What the exercise asks: Without including the pictures, copy each line below exactly as it reads.

Listed entries:
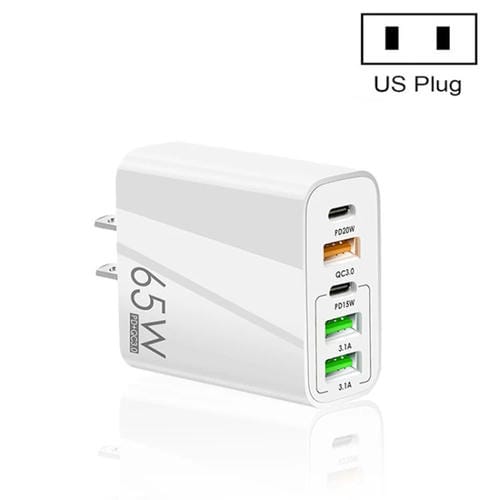 Cargador Multi Puerto 65W Dual PD Type-C + 3 USB Para Teléfono y Tablet PC (Blanco)
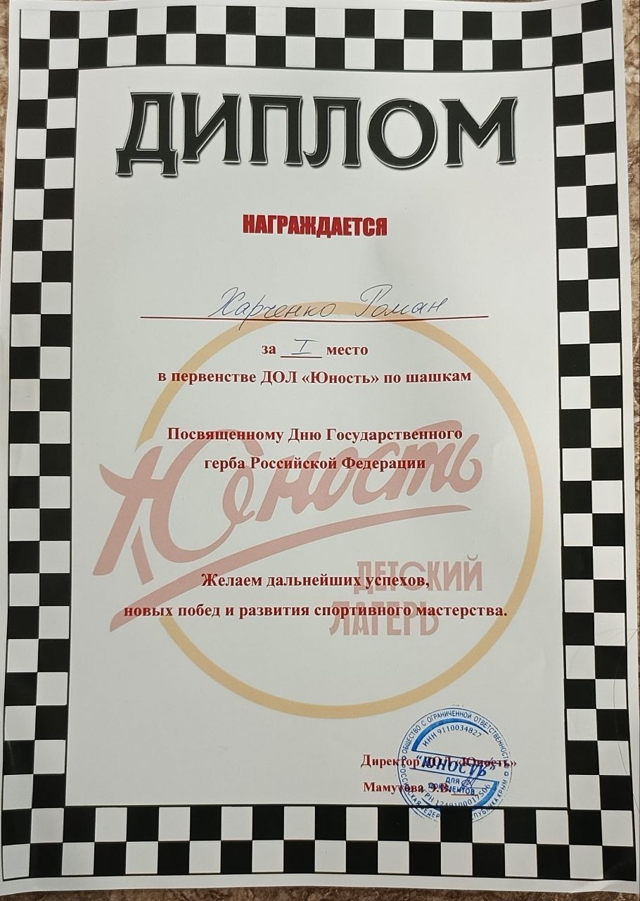В преддверии Дня государственного герба Российской Федерации кадеты 7к, 8к морских классов Ялтинской школы №7 приняли участие в первенстве ДОЛ "Юность" по шашкам.
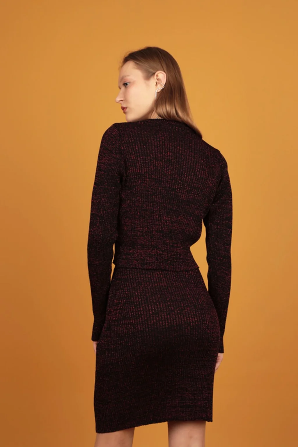 Simli Triko Kadın Etek-Kırmızı
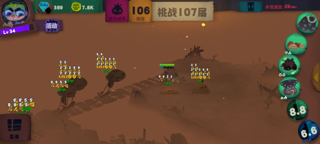 一百零几层,没点以前每个木偶是四千到五千伤害,点完每个七千左右伤害,命中率还高了20,很巴适
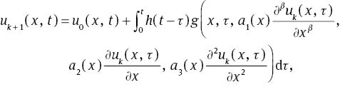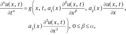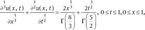where ∂α/∂tα and ∂β/∂xβ are fractional derivatives of the Caputo sense, ai(x) for i=0, …, 3 and q(x, t) are known continuous functions and u(x, t) is the unknown function. The analytic results on existence and uniqueness of solutions to fractional differential equations have been investigated by many authors, see, say for example [14]. Uddin and Haq [15] used radial basis functions for the solution of (1) with constant coefficients. Also, Garrappa and Popolizio [16] used the matrix functions for solving this problem. We construct the solution of problem (1–3) using the reconstruction of variational iteration method (RVIM). The RVIM was first suggested by Hesameddini and Latifizadeh for solving ordinary differential equations (ODE) [17]. In this work, we extend this method to solve FPDEs. It does not only simplify the problem but also speeds up the computation. Our method contains an iterative formula that can provide rapidly convergent successive approximations of the exact solution if such a closed-form solution exists. The rest of this article is as follows. In Section 2, some preliminaries are presented that will be used in later sections. In Section 3, the method is discussed. In Section 4, study on the convergence of this method is illustrated. Section 5 is devoted to numerical experiments, and the results are compared with the exact solutions and some previous works. Section 6 is the conclusion.
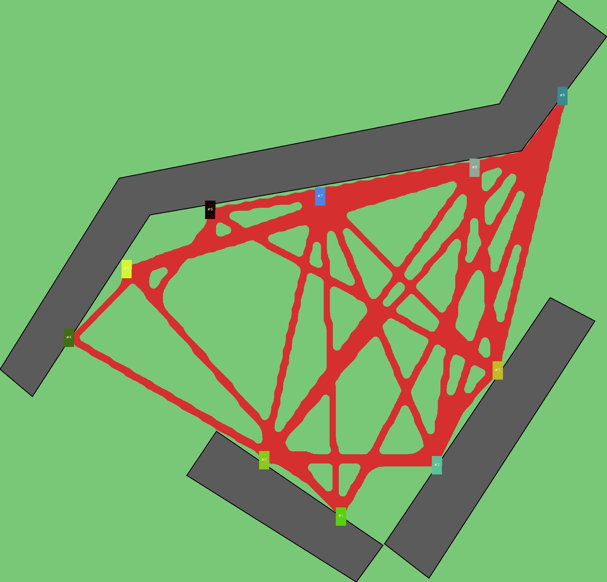 Красным цветом показаны места, где, вероятнее всего, появятся стихийные тропы..
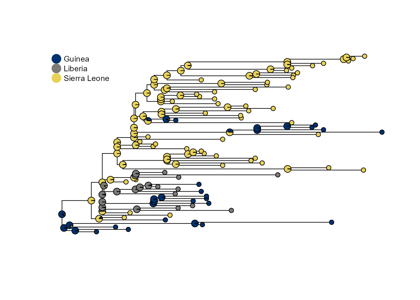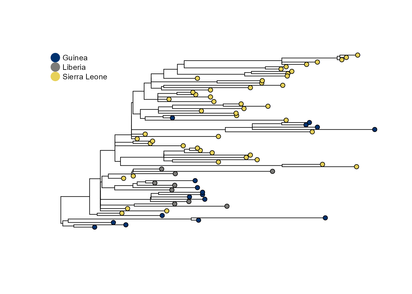 For this example, we use data from Nextstrain (Hadfield et al. 2018; Sagulenko, Puller, and Neher 2018): https://nextstrain.org/ebola/ebov-2013?c=country.
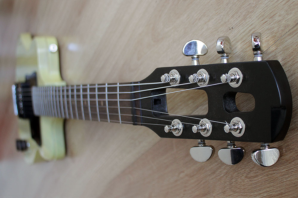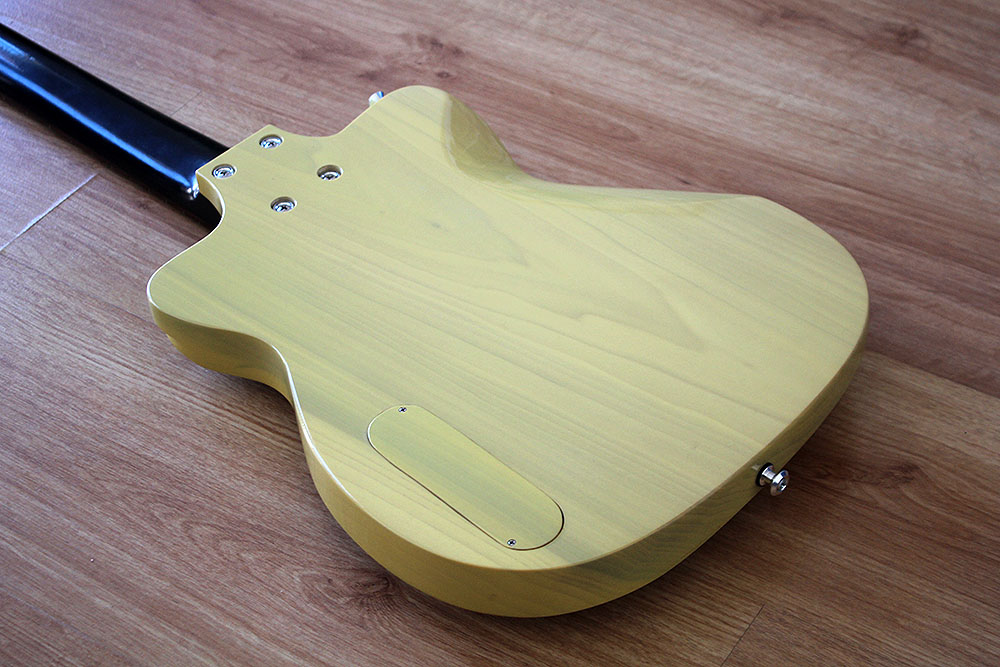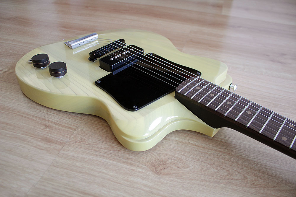 Cuerpo pequeño, y delgado de álamo de una sóla pieza, con una forma que facilita el acceso a los últimos trastes. Escala 25”.
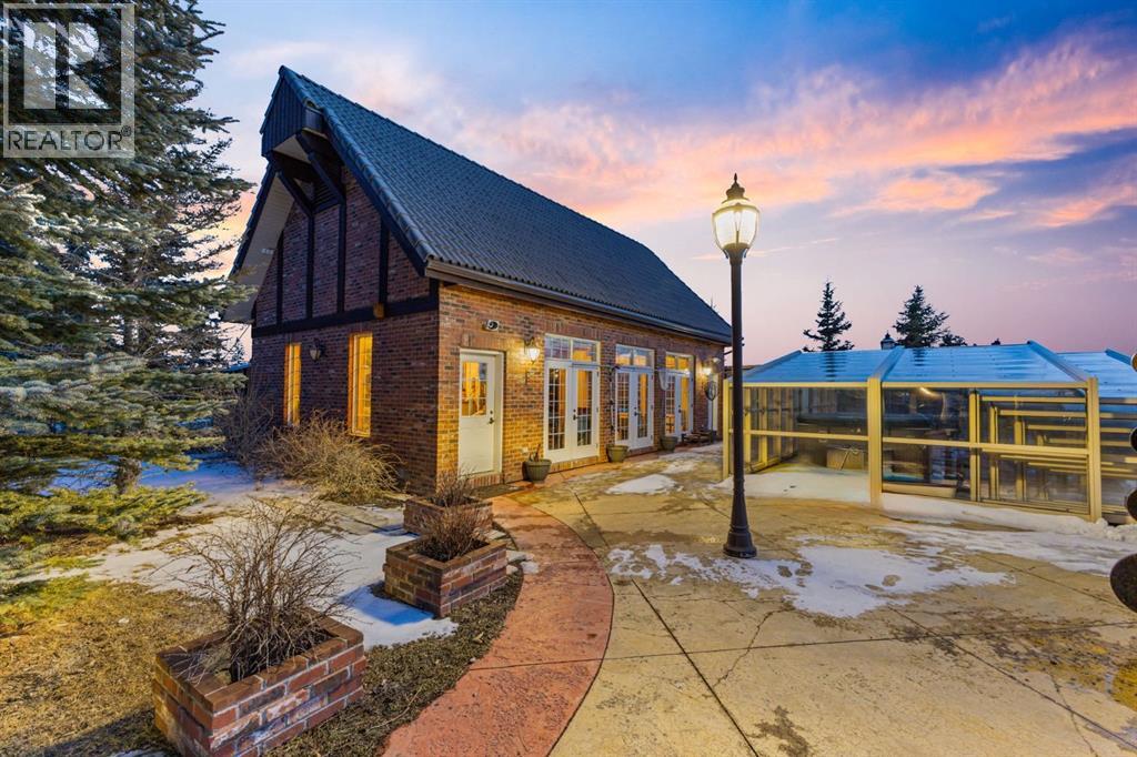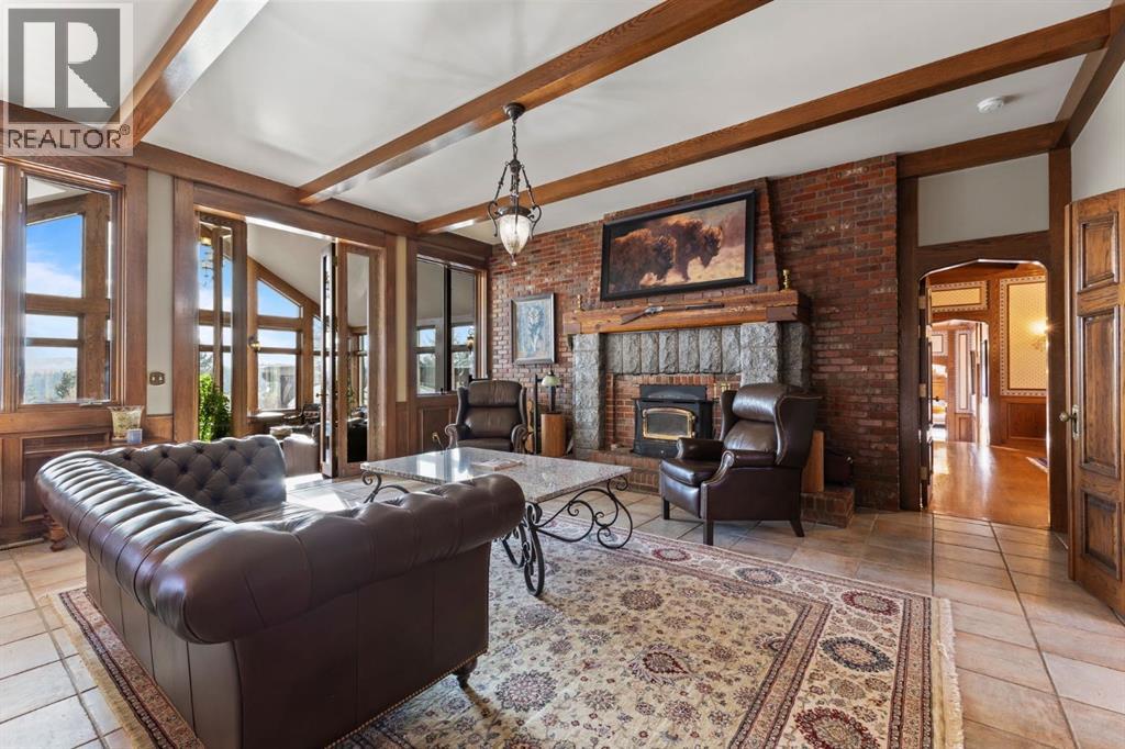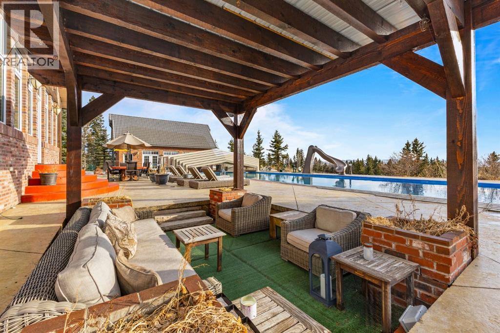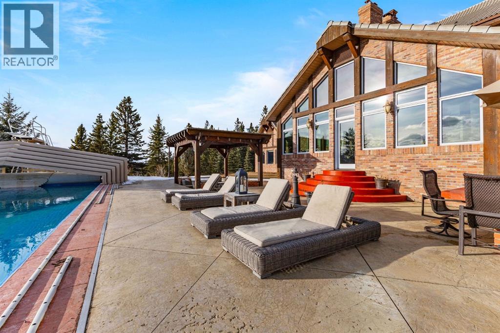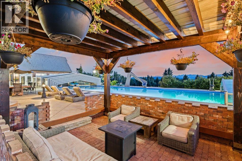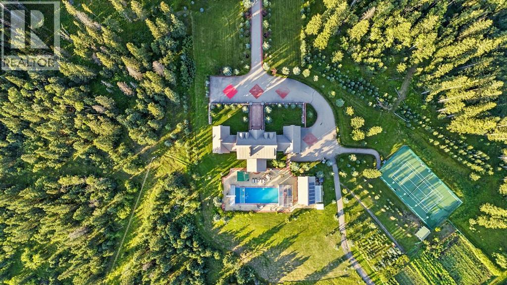 This is a rare and exceptional opportunity to own a 192-acre estate in the highly sought-after Millarville area. Perched at an elevation of 5,000 feet, this extraordinary property offers breathtaking mountain views and an array of premium amenities. At its heart lies a custom-built, European-style two-story residence, thoughtfully designed for both luxury living and recreation. Spanning over 8,000 sq. ft., the stately brick residence features seven bedrooms and 6/2 bathrooms, including five en-suites. The home offers a formal study, an elegant dining room, a main-floor primary suite (with an additional primary suite on the second level), and private nanny quarters. A stunning sunroom with floor-to-ceiling windows provides an idyllic space to take in the breathtaking views of the pool and Rocky Mountains. Meticulously crafted with exceptional detail, the home showcases custom hand-carved woodwork, coffered ceilings, four fireplaces (one wood-burning and three gas), and a combination of hardwood and custom tile flooring. Italian marble finishes add a touch of sophistication to most bathrooms. The chef’s kitchen, features an open-concept layout with beamed ceilings, a unique brick island and dining table, a rare AGA range and high-end built-in appliances blend seamlessly with the custom cabinetry. The main-floor primary suite is a true retreat, boasting a grand gas fireplace, spectacular mountain views, and an opulent ensuite with separate his-and-her bathrooms, walk-in closets, dual showers, and a stunning clawfoot tub as the centrepiece. The estate is designed for year-round enjoyment, featuring a 24x80 heated outdoor saltwater pool enclosed within a custom glass structure. This impressive pool—measuring four meters at its deepest point—includes a 10-foot diving board, a slide, and panoramic 180-degree mountain views. Heated flooring surrounds the pool area, while a beautifully designed pergola provides the perfect space for entertaining. Adjacent to the pool , the pool house offers added convenience, complete with a kitchenette, a loft, washer/dryer, a/c, and a bathroom featuring a steam shower. For sporting enthusiasts, the property boasts world-class shooting facilities, including: Rifle ranges, Skeet shooting range, Olympic double shooting range, Rabbit clay setup, High sporting clay doubles and mini doubles. Dirt bike riders will appreciate the professionally designed 2-3 km motocross track, featuring 60-80 jumps at the northern end of the property. Equestrian enthusiasts will find 20 acres of open fields, ideal for grazing. Nearby, a 2-3 acre pond—equipped with aerators and stocked with 800 trout—adds to the property’s natural beauty. Additionally the Estates features include a Tennis court, a 40x20 carriage house (easily convertible into a barn with dutch doors) with an upstairs man cave, a 80x30 quonset, and a Charming 300 sq. ft. log cabin with loft and wood-burning fireplace. This one-of-a-kind property must be seen to be truly appreciated. (id:63190)

Solution for this task:
 Cargador Multi Puerto 65W Dual PD Type-C + 3 USB Para Teléfono y Tablet PC (Blanco)
В преддверии Дня государственного герба Российской Федерации кадеты 7к, 8к морских классов Ялтинской школы №7 приняли участие в первенстве ДОЛ "Юность" по шашкам.
 Simli Triko Kadın Etek-Kırmızı
 一百零几层,没点以前每个木偶是四千到五千伤害,点完每个七千左右伤害,命中率还高了20,很巴适
where ∂α/∂tα and ∂β/∂xβ are fractional derivatives of the Caputo sense, ai(x) for i=0, …, 3 and q(x, t) are known continuous functions and u(x, t) is the unknown function. The analytic results on existence and uniqueness of solutions to fractional differential equations have been investigated by many authors, see, say for example [14]. Uddin and Haq [15] used radial basis functions for the solution of (1) with constant coefficients. Also, Garrappa and Popolizio [16] used the matrix functions for solving this problem. We construct the solution of problem (1–3) using the reconstruction of variational iteration method (RVIM). The RVIM was first suggested by Hesameddini and Latifizadeh for solving ordinary differential equations (ODE) [17]. In this work, we extend this method to solve FPDEs. It does not only simplify the problem but also speeds up the computation. Our method contains an iterative formula that can provide rapidly convergent successive approximations of the exact solution if such a closed-form solution exists. The rest of this article is as follows. In Section 2, some preliminaries are presented that will be used in later sections. In Section 3, the method is discussed. In Section 4, study on the convergence of this method is illustrated. Section 5 is devoted to numerical experiments, and the results are compared with the exact solutions and some previous works. Section 6 is the conclusion.
 Красным цветом показаны места, где, вероятнее всего, появятся стихийные тропы..
 For this example, we use data from Nextstrain (Hadfield et al. 2018; Sagulenko, Puller, and Neher 2018): https://nextstrain.org/ebola/ebov-2013?c=country.
 Cuerpo pequeño, y delgado de álamo de una sóla pieza, con una forma que facilita el acceso a los últimos trastes. Escala 25”.
 This is a rare and exceptional opportunity to own a 192-acre estate in the highly sought-after Millarville area. Perched at an elevation of 5,000 feet, this extraordinary property offers breathtaking mountain views and an array of premium amenities. At its heart lies a custom-built, European-style two-story residence, thoughtfully designed for both luxury living and recreation. Spanning over 8,000 sq. ft., the stately brick residence features seven bedrooms and 6/2 bathrooms, including five en-suites. The home offers a formal study, an elegant dining room, a main-floor primary suite (with an additional primary suite on the second level), and private nanny quarters. A stunning sunroom with floor-to-ceiling windows provides an idyllic space to take in the breathtaking views of the pool and Rocky Mountains. Meticulously crafted with exceptional detail, the home showcases custom hand-carved woodwork, coffered ceilings, four fireplaces (one wood-burning and three gas), and a combination of hardwood and custom tile flooring. Italian marble finishes add a touch of sophistication to most bathrooms. The chef’s kitchen, features an open-concept layout with beamed ceilings, a unique brick island and dining table, a rare AGA range and high-end built-in appliances blend seamlessly with the custom cabinetry. The main-floor primary suite is a true retreat, boasting a grand gas fireplace, spectacular mountain views, and an opulent ensuite with separate his-and-her bathrooms, walk-in closets, dual showers, and a stunning clawfoot tub as the centrepiece. The estate is designed for year-round enjoyment, featuring a 24x80 heated outdoor saltwater pool enclosed within a custom glass structure. This impressive pool—measuring four meters at its deepest point—includes a 10-foot diving board, a slide, and panoramic 180-degree mountain views. Heated flooring surrounds the pool area, while a beautifully designed pergola provides the perfect space for entertaining. Adjacent to the pool , the pool house offers added convenience, complete with a kitchenette, a loft, washer/dryer, a/c, and a bathroom featuring a steam shower. For sporting enthusiasts, the property boasts world-class shooting facilities, including: Rifle ranges, Skeet shooting range, Olympic double shooting range, Rabbit clay setup, High sporting clay doubles and mini doubles. Dirt bike riders will appreciate the professionally designed 2-3 km motocross track, featuring 60-80 jumps at the northern end of the property. Equestrian enthusiasts will find 20 acres of open fields, ideal for grazing. Nearby, a 2-3 acre pond—equipped with aerators and stocked with 800 trout—adds to the property’s natural beauty. Additionally the Estates features include a Tennis court, a 40x20 carriage house (easily convertible into a barn with dutch doors) with an upstairs man cave, a 80x30 quonset, and a Charming 300 sq. ft. log cabin with loft and wood-burning fireplace. This one-of-a-kind property must be seen to be truly appreciated. (id:63190)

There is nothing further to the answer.